• **Data for analysis**:

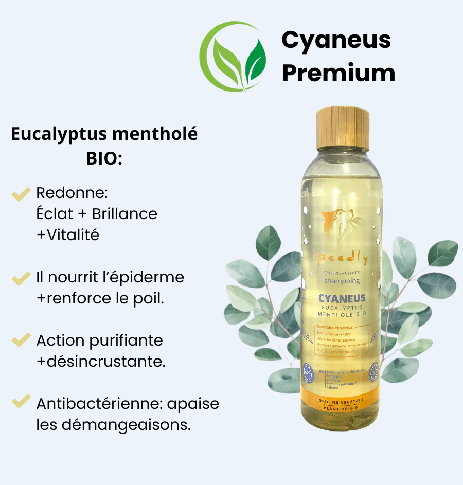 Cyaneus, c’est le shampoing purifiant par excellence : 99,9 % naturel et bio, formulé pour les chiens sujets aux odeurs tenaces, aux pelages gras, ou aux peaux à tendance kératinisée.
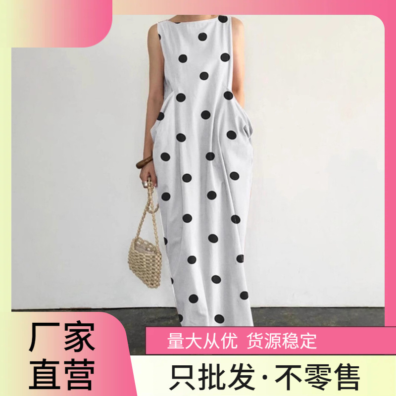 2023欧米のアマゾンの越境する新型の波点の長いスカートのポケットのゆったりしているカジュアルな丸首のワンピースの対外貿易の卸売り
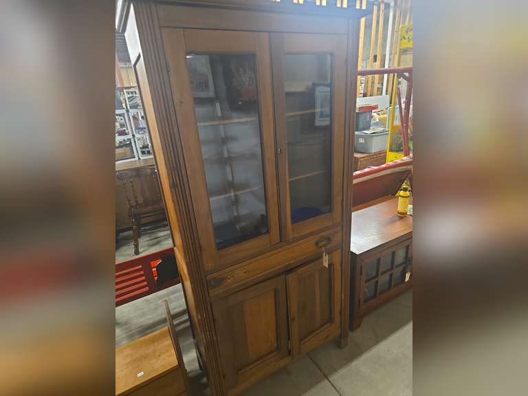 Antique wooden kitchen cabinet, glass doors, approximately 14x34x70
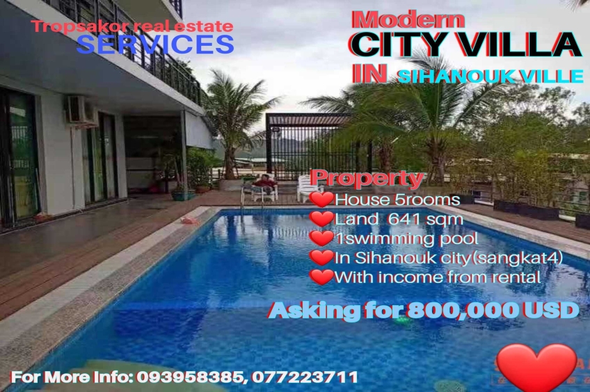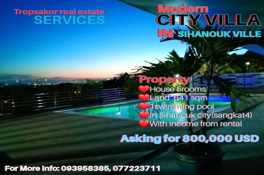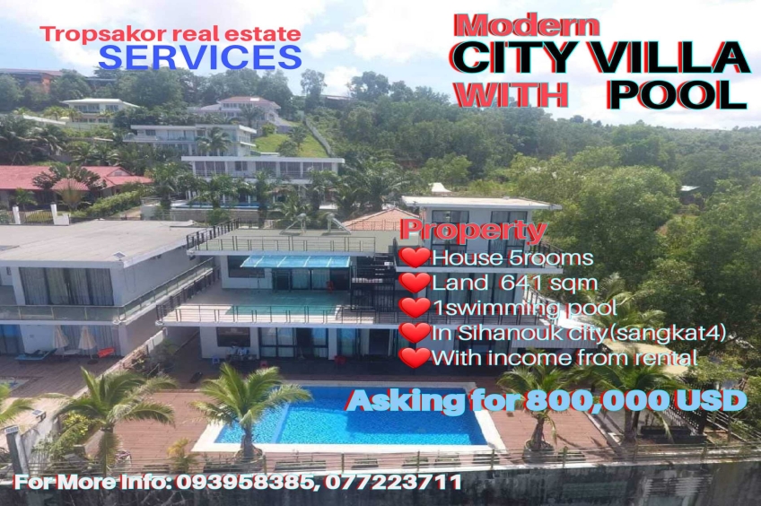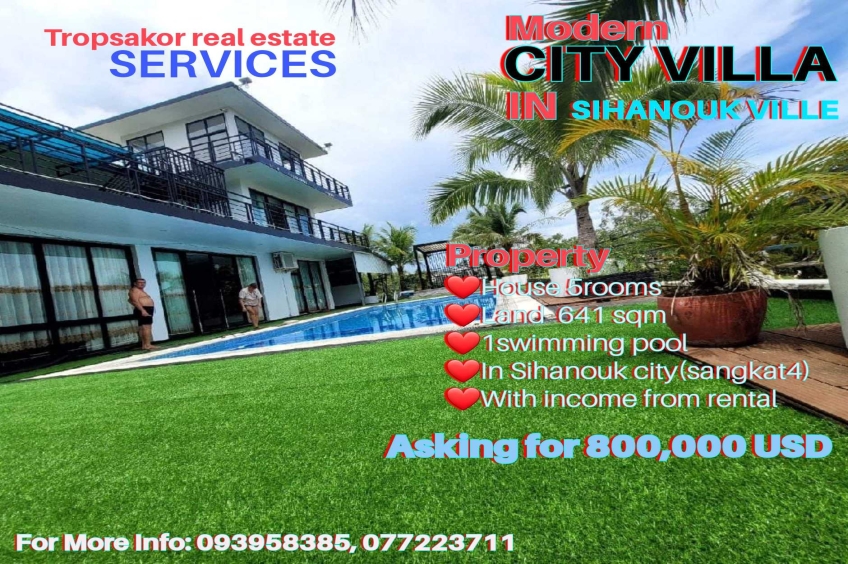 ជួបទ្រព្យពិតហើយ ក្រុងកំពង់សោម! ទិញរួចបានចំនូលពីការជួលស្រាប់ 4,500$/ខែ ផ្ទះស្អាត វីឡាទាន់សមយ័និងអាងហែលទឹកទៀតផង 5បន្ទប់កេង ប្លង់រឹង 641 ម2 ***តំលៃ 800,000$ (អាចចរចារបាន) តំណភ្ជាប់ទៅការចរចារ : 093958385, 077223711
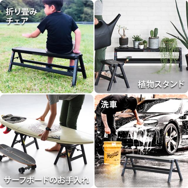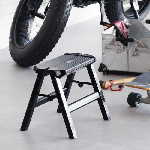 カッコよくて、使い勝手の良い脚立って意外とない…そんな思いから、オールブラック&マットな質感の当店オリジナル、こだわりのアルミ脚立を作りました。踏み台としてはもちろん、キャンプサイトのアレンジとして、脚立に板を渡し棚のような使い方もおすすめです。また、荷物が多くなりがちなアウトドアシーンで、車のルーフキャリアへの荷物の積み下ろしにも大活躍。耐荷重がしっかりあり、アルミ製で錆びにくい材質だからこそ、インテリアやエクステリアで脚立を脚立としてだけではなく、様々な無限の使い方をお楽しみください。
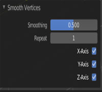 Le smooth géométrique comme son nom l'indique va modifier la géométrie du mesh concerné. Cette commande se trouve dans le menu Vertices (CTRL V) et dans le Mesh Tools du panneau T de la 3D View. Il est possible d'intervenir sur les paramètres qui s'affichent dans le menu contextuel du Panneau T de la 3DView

• **What you are asked to do**:
Please reproduce exactly, and nothing more, the lines from the one containing "カッコよくて、使い勝手の良い" through the last line of the entries, both included; pictures stay out.

• **Expected output**:
 カッコよくて、使い勝手の良い脚立って意外とない…そんな思いから、オールブラック&マットな質感の当店オリジナル、こだわりのアルミ脚立を作りました。踏み台としてはもちろん、キャンプサイトのアレンジとして、脚立に板を渡し棚のような使い方もおすすめです。また、荷物が多くなりがちなアウトドアシーンで、車のルーフキャリアへの荷物の積み下ろしにも大活躍。耐荷重がしっかりあり、アルミ製で錆びにくい材質だからこそ、インテリアやエクステリアで脚立を脚立としてだけではなく、様々な無限の使い方をお楽しみください。
 Le smooth géométrique comme son nom l'indique va modifier la géométrie du mesh concerné. Cette commande se trouve dans le menu Vertices (CTRL V) et dans le Mesh Tools du panneau T de la 3D View. Il est possible d'intervenir sur les paramètres qui s'affichent dans le menu contextuel du Panneau T de la 3DView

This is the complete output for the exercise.